このウラの音はそんなに大きくハッキリ弾いているわけでもないので、リズムをキープしやすくするための手クセのように感じます。
試しに8分ウラを抜いて弾いてみます。
どうですか。
これももちろん全然悪くはないのですが、ちょっとグルーブ感が少なくなったような気がします。
かの有名な「Let It Be」でも同じようなことをやっています。
これはイントロ部分です。
しかしこれは「Hey Jude」よりも少し難しいことをやっています。
装飾音が入ったり、2小節めの2拍めウラから3拍めは右手と同じリズムになったりします。
ここに装飾音を入れるのはわりと難しいと思うのですが、これがまたすごく効果的です。
左手にうまく装飾音を入れたりできるのは、ポールが左利きということもあるのかもしれません。
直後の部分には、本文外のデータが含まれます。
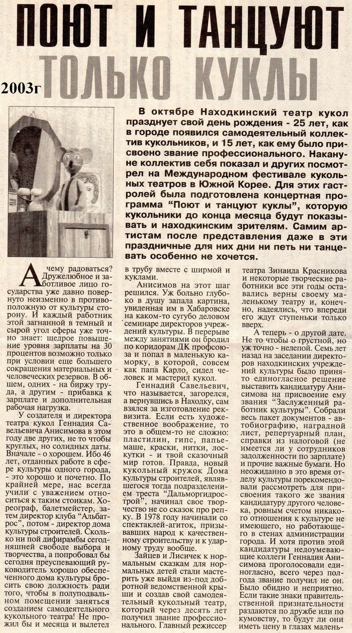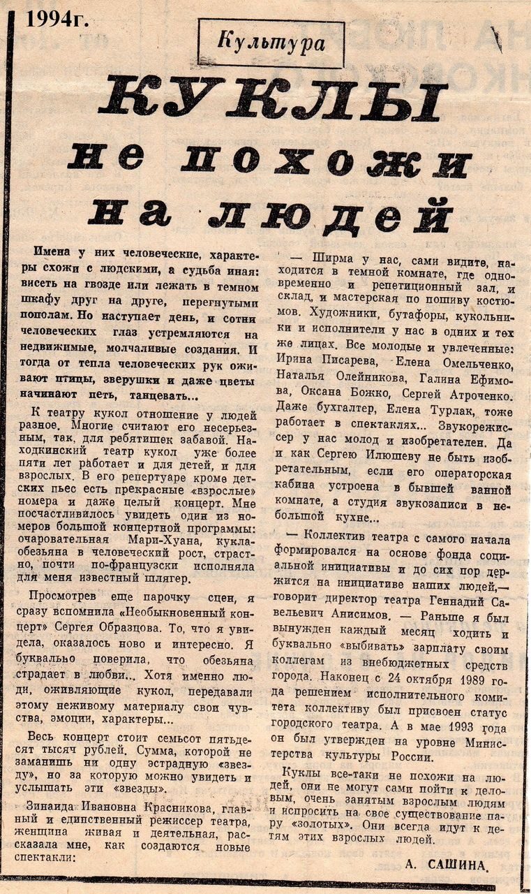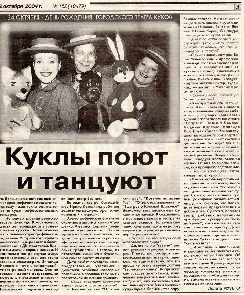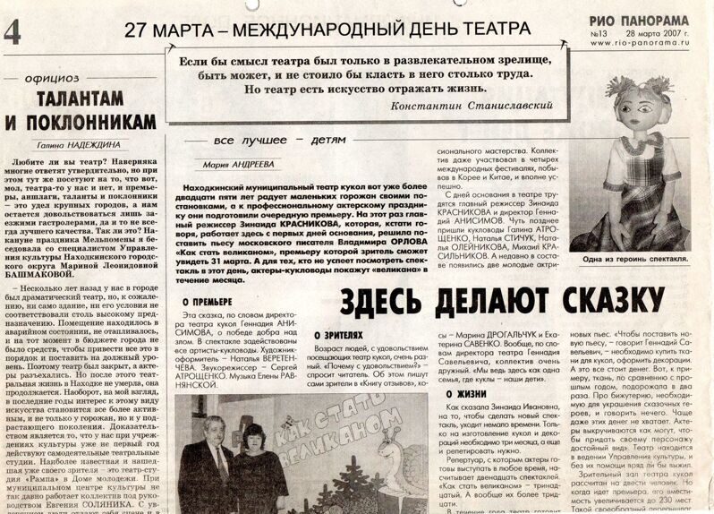 NR-CITYNEWS городская общественно — политическая газета "Находкинский рабочий" - 23.03.12г. "Здесь куклы пляшут и поют"

このようにバラードの4分打ちのとき、左手で8分ウラを軽く入れてあげるとリズムも取りやすくなりますし、グルーブ感も出るのでおすすめです。
ちょっとアップテンポのものも見てみましょう。
「Martha My Dear」という曲のイントロです。
左手は同じようにオクターブを交互に弾いている部分がほとんどです。
右手のフレーズの間にうまくハマっていて、いいグルーブ感が出ていると思います。
右手の音が左手のウラにきている部分をわかりやすく示してみました。
これは一見難しそうですが、この左手がないとリズムが取りにくく、右手だけだと逆に難しいフレーズです。
聴いていてもこの左手がないと全く印象が変わってしまいます。
たとえば、3段めの3〜4小節めの左手を「全音符にしたもの」と「4分音符」と聴き比べてみてください。
やはり左手の4分音符があったほうが、ノリもよくなってかっこいい気がします。
というわけで、Paul McCartneyが弾くピアノの左手についてでした。
今回はBeatlesの曲だけを紹介しましたが、ソロになってからも同じように弾いている曲がいろいろあります。
簡単にマネできるのでぜひお試しください。